Нет, я была не за Лоренцо, а против предательства, грязной игры, кинжала в спину от мнимого друга. Вот что меня пугало во всей этой истории. Не борьба за власть, не политические амбиции — их можно порой понять и даже оправдать, — а то, что от заговора попахивало подлостью. Что-то за этим крылось дьявольское, слишком дьявольское, иногда мне казалось, что я слышу за спиной змеиное шипение. Но как все это объяснить профессору?
— Историки, — продолжал он, — ослепленные блеском Медичи, всегда были настроены против Пацци. Тебе не кажется, что пора чуточку восстановить равновесие? Тем более в нашу эпоху, когда атаки террористов и громкие политические убийства похоронили все рациональные доводы. Сегодня больше чем когда-либо мы должны прибегать к разуму.

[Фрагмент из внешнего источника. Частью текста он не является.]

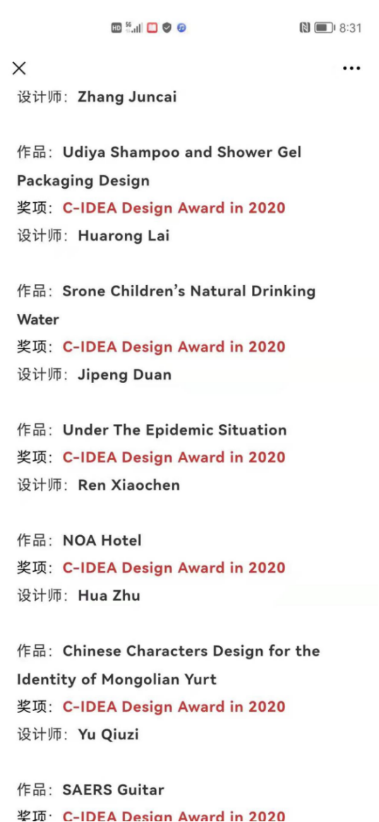2021年7月12日,2020 第二届C-IDEA设计奖评选落下帷幕,本届赛事收到了来自51个国家和地区的设计师、设计团体、设计机构、设计院校教师和学生的2072件作品,来自21个国家的35位国际评委对参赛作品进行了第一轮初评与第二轮复评,最终专业组与学生组共计221件作品进入了第三轮终评,角逐C-IDEA设计奖奖项。

Аргументы профессора были безупречными, но я не могла двигаться дальше, не вставая ни на чью сторону. Как рассказывать о таком, как оставаться нейтральной, если те люди действовали страстно и убежденно? Все мои запасы эмоций тратились на документы, которые я изучала. Я прекрасно знала, что такая вовлеченность не рекомендуется исследователю, что нужно применять строго научные методы, дистанцироваться от событий прошлого. Но в глубине души я сомневалась, что научная беспристрастность так уж полезна; кроме того, считала я, раз факты неполны, их интерпретация зависит исключительно от меня, и тут уж нельзя остаться чистенькой.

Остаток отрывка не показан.